In June 1984, Patrick Jenkin, the minister responsible for housing in Margaret Thatcher’s government, went to Liverpool. His trip came at a time of stand-off between the government and the hard left Labour council, which was refusing to enforce the cuts the former was demanding of an already struggling city.
Jenkin was taken on a tour of some of the city’s worst slums; councillors had asked the disgruntled residents ahead of time to be polite. The plan worked. Jenkin emerged from the rat-infested terraces and declared: “I have seen houses here the likes of which I have never seen before.”
As far as political epiphanies go, Jenkin’s Liverpool enlightenment left Iain Duncan Smith’s Easterhouse epiphany in the dust. Backroom channels opened between the council and the Cabinet. That summer, a deal was hammered out, with the help of a lot of creative accounting.

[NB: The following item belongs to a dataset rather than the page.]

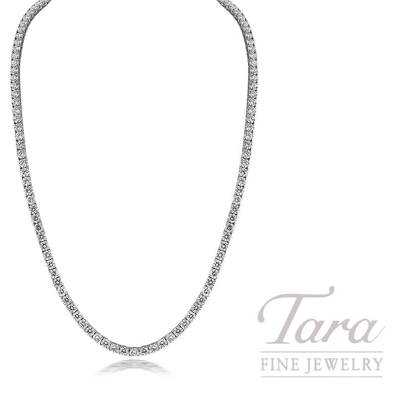 Home to the most beautiful Diamond Necklaces, Tara Fine Jewelry is proud to feature this glorious 18K White Gold Diamond Tennis Necklace. At a generous weight of 21.0G, this marvelous Diamond Necklace is 16.5″ long. Crafted in brilliant 18K White Gold with a timeless tennis design, and exhibiting 118 Natural Round Diamonds at a substantial 17.45TDW, this elegant Diamond Necklace will have all eyes on you!

And so, Liverpool’s brinkmanship seemed to have paid off. Despite the discomfort of central leadership, other Labour-held cities were so impressed that they began to plan their own act of defiance against Thatcher’s plan to make them cut spending. Those involved included future household names, including David Blunkett (Sheffield) and John McDonnell (Lambeth).
The idea behind what became known as the 1985 “rate-capping rebellion” was simple: no council would set a rate – the forerunner to council tax – for the following year. This allowed councils to avoid the politically toxic decision of raising taxes or cutting spending while in turn forcing the Westminster government to give up its plan of outsourcing austerity, or directly intervene. As the biggest rebel of the lot, Liverpool felt obliged to join in, although even at the time many councillors – including those on the left – feared that it would end in disaster.

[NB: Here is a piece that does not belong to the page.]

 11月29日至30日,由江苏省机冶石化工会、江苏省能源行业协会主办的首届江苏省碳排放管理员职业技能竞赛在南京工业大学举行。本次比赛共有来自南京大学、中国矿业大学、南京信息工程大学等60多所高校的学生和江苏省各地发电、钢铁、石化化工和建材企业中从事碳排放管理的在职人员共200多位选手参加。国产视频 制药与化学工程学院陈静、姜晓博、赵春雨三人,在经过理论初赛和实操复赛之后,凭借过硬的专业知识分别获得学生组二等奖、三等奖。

And that was pretty much what happened. One by one, the councils caved in. Some leaders were overruled after Labour councillors defected to the opposition. Others were sufficiently scared by the threat of legal action to find a fudge. Meanwhile, the Labour leadership made its opposition clear and, with the Miners’ Strike over, Thatcher was ready for her next battle.
Finally, just Liverpool and Lambeth were left. In June, Liverpool set a rate – although such a ridiculously low one it effectively meant an illegal budget. Support for this gesture was remarkably wide. According to the writer Michael Parkinson, one defiant backbench councillor said at the time: “I’m not a Marxist, I don’t even believe in all this political stuff. I just don’t think it’s fair.” In Lambeth, a legal budget was eventually passed in July 1985, but not before one councillor put another in a headlock.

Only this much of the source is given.